What the task requires: Images are to be excluded, and the rest of the data repeated exactly.

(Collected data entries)
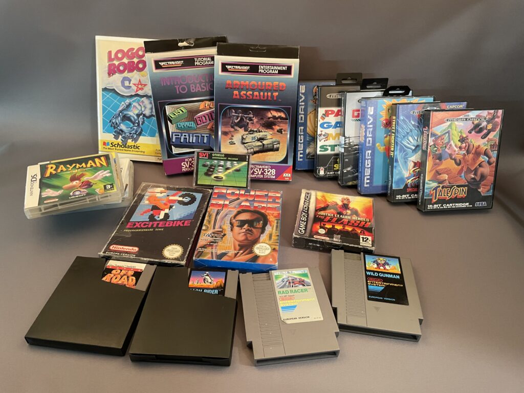 Nintendo NES:Excitebike B NOEPower Blade CIB UKVMach Rider L SCNIvan ”iRONMAN” Stewart´s Super Off-roadn L SCNWild Gunman L SCNRad Racer L SCN Commodore 64:Logo Robot D CIB Spectravideo 328:Introduction to Basic CIB TArmoured Assault CIB TOthello L T Nintendo Gameboy AdvanceJustice League Heroes teh Flash CIB EUR Nintendo DSAngry Birds Trilogy 3DS CIBCaptain Morgane and […]
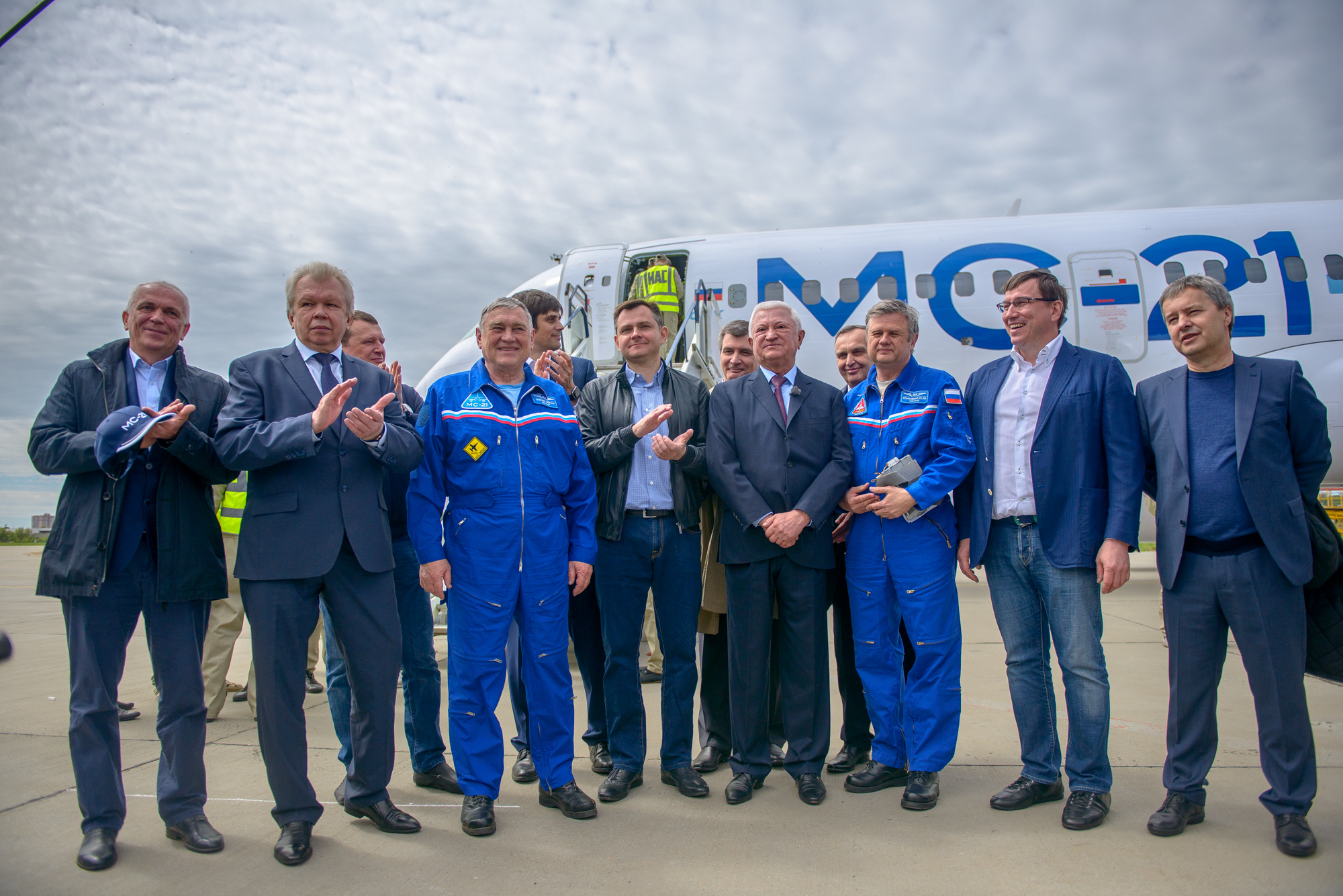Puolituntisen koelennon aikana koneella käytiin kilometrin korkeudessa ja lentonopeus oli 300 km/h. Ensilennon aikana varmistettiin lentokoneen stabiliteettia ja ohjattavuutta sekä moottoreiden toimivuutta. Lennon aikana tehtiin myös matalalähestyminen. Venäläiskoneen ovat suunnitelleet Irkut Corporation ja Yakovlev Design Bureau. Valmistuksesta vastaa UAC. Mukana hankkeessa on useita länsimaisia yhtiöitä kuten Pratt&Whitney, Rockwell Collins, Thales, Honeywell ja UTC Aerospace. Hanke käynnistettiin vuonna 2006 ja tarkoituksena oli korvata ikääntyvät Tu-154 -koneet uudella vaihtoehdolla.
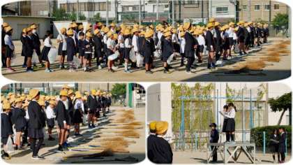 年に1度、学校や地域の清掃を通して、奉仕活動をする態度を養うために行っています。たてわり班で行うことで、異学年の友だちと協力して活動できるようにすることもねらいです。
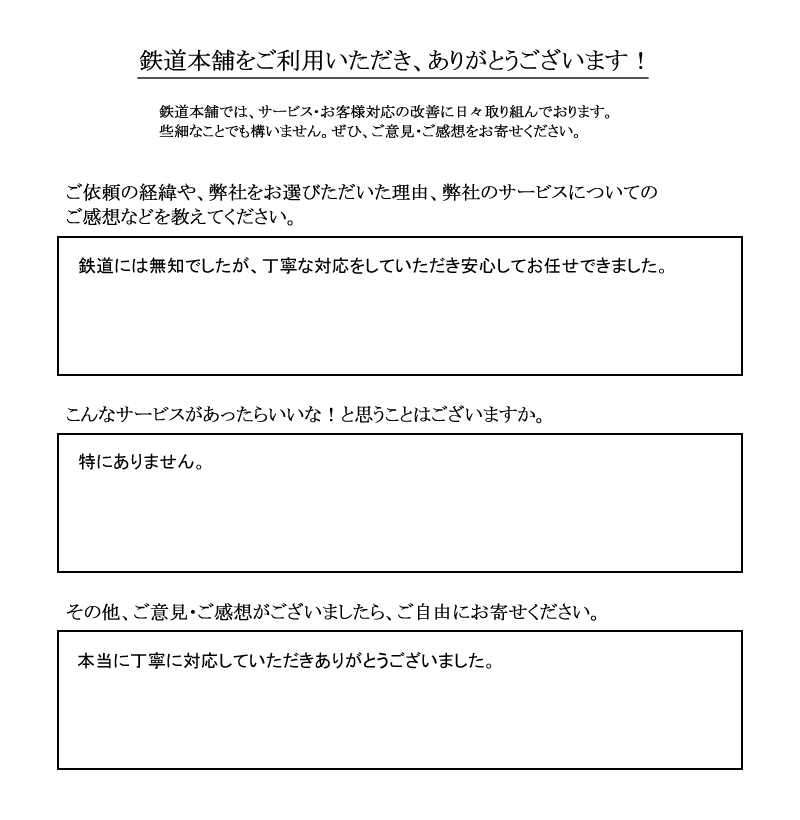 丁寧な対応をしていただき安心してお任せできました。/鉄道本舗 出張買取 宅配買取 口コミ 評判
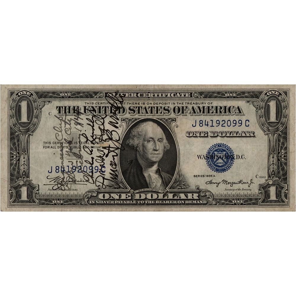 Series 1935 A 'short snorter' one dollar silver certificate, signed vertically to the left of Washington's portrait in fountain pen, "Charles A. Lindbergh." The banknote is also signed by Donald A. Hall, a pioneering aeronautical engineer who designed the Spirit of St. Louis, and by Vincent Burnelli, an aeronautics engineer who was instrumental in furthering the lifting body and flying wing concept. Another hand has added above the Lindbergh autograph: “Engineers Club, New York City, February 1944.†In fine condition.
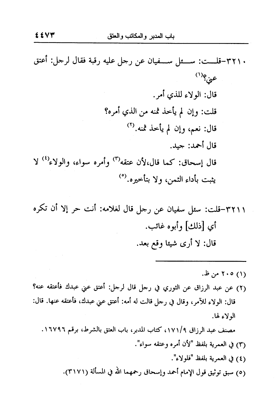 [3211-] قلت: سئل سفيان عن رجل قال لغلامه: أنت حر إلا أن تكره أي [ذلك] وأبوه غائب.

Reply to the task:
 Nintendo NES:Excitebike B NOEPower Blade CIB UKVMach Rider L SCNIvan ”iRONMAN” Stewart´s Super Off-roadn L SCNWild Gunman L SCNRad Racer L SCN Commodore 64:Logo Robot D CIB Spectravideo 328:Introduction to Basic CIB TArmoured Assault CIB TOthello L T Nintendo Gameboy AdvanceJustice League Heroes teh Flash CIB EUR Nintendo DSAngry Birds Trilogy 3DS CIBCaptain Morgane and […]
Puolituntisen koelennon aikana koneella käytiin kilometrin korkeudessa ja lentonopeus oli 300 km/h. Ensilennon aikana varmistettiin lentokoneen stabiliteettia ja ohjattavuutta sekä moottoreiden toimivuutta. Lennon aikana tehtiin myös matalalähestyminen. Venäläiskoneen ovat suunnitelleet Irkut Corporation ja Yakovlev Design Bureau. Valmistuksesta vastaa UAC. Mukana hankkeessa on useita länsimaisia yhtiöitä kuten Pratt&Whitney, Rockwell Collins, Thales, Honeywell ja UTC Aerospace. Hanke käynnistettiin vuonna 2006 ja tarkoituksena oli korvata ikääntyvät Tu-154 -koneet uudella vaihtoehdolla.
 年に1度、学校や地域の清掃を通して、奉仕活動をする態度を養うために行っています。たてわり班で行うことで、異学年の友だちと協力して活動できるようにすることもねらいです。
 丁寧な対応をしていただき安心してお任せできました。/鉄道本舗 出張買取 宅配買取 口コミ 評判
 Series 1935 A 'short snorter' one dollar silver certificate, signed vertically to the left of Washington's portrait in fountain pen, "Charles A. Lindbergh." The banknote is also signed by Donald A. Hall, a pioneering aeronautical engineer who designed the Spirit of St. Louis, and by Vincent Burnelli, an aeronautics engineer who was instrumental in furthering the lifting body and flying wing concept. Another hand has added above the Lindbergh autograph: “Engineers Club, New York City, February 1944.†In fine condition.
 [3211-] قلت: سئل سفيان عن رجل قال لغلامه: أنت حر إلا أن تكره أي [ذلك] وأبوه غائب.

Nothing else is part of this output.